The top lessons from major healthcare information breaches, according to McMillan and Greene, are:

  • Be less concerned with hackers, and more concerned with employees. "Over half of the large breaches have been due to a single cause - theft," Greene says.
  • Don't forget to protect paper records. Too often, boxes of medical records are improperly disposed of, Greene says.
  • Closely monitor business associates. With about 22 percent of breaches, including many of the largest incidents, caused by business associates, Greene says organizations need to go beyond spelling out expectations in business associate agreements to carefully review and continually monitor business associates' security practices. Organizations need to start with both a legal and security review during the vendor selection process. "If you're going to share PHI with a vendor, doesn't it make sense that they should be able to demonstrate they have a security program before you even select them for consideration?" McMillan asks.
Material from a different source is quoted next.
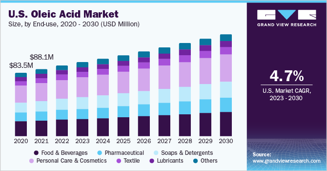 b. The global oleic acid market is expected to grow at a compound annual growth rate of 4.6% from 2023 to 2030 to reach USD 684.7 million by 2030.
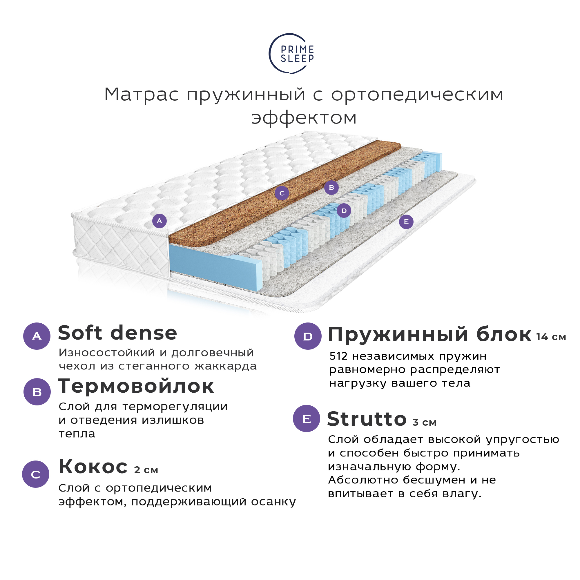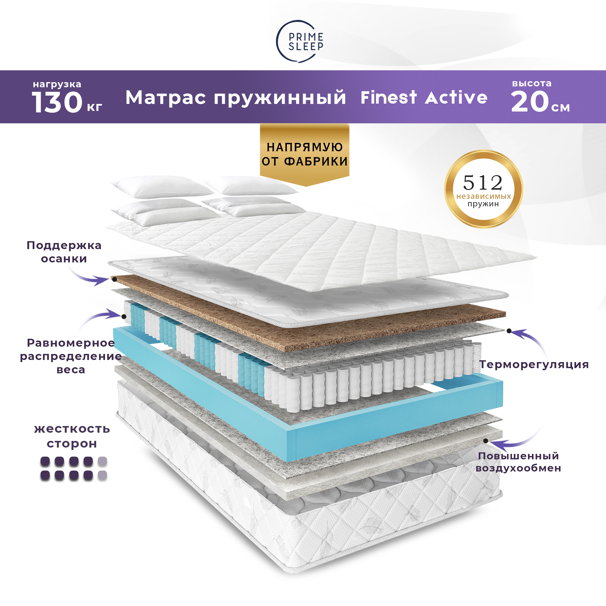 Ортопедический матрас, Матрас PRIME SLEEP Finest Active, Независимые пружины, 75х190 см

  • Be aware of costly sanctions. Massachusetts General Hospital paid $1 million to settle a case involving paper records left on a subway that led to a violation of the HIPAA privacy rule. "If you take the government at its word, it wasn't just a breach, it was an accident waiting to happen," Greene says, referring to the case.
  • Conduct a thorough risk assessment. Identify all points of risk within the organization and decide where improvements need to be made, McMillan says.
  • Adopt an industry-recognized information security model for measurement of a security program. These include the Health Information Trust Alliance's Common Security Framework and the National Institute of Standards and Technology's risk assessment model, McMillan points out.
  • Devote adequate resources to information security technology and training. Healthcare spends about half of what other industries devote to information security, McMillan contends.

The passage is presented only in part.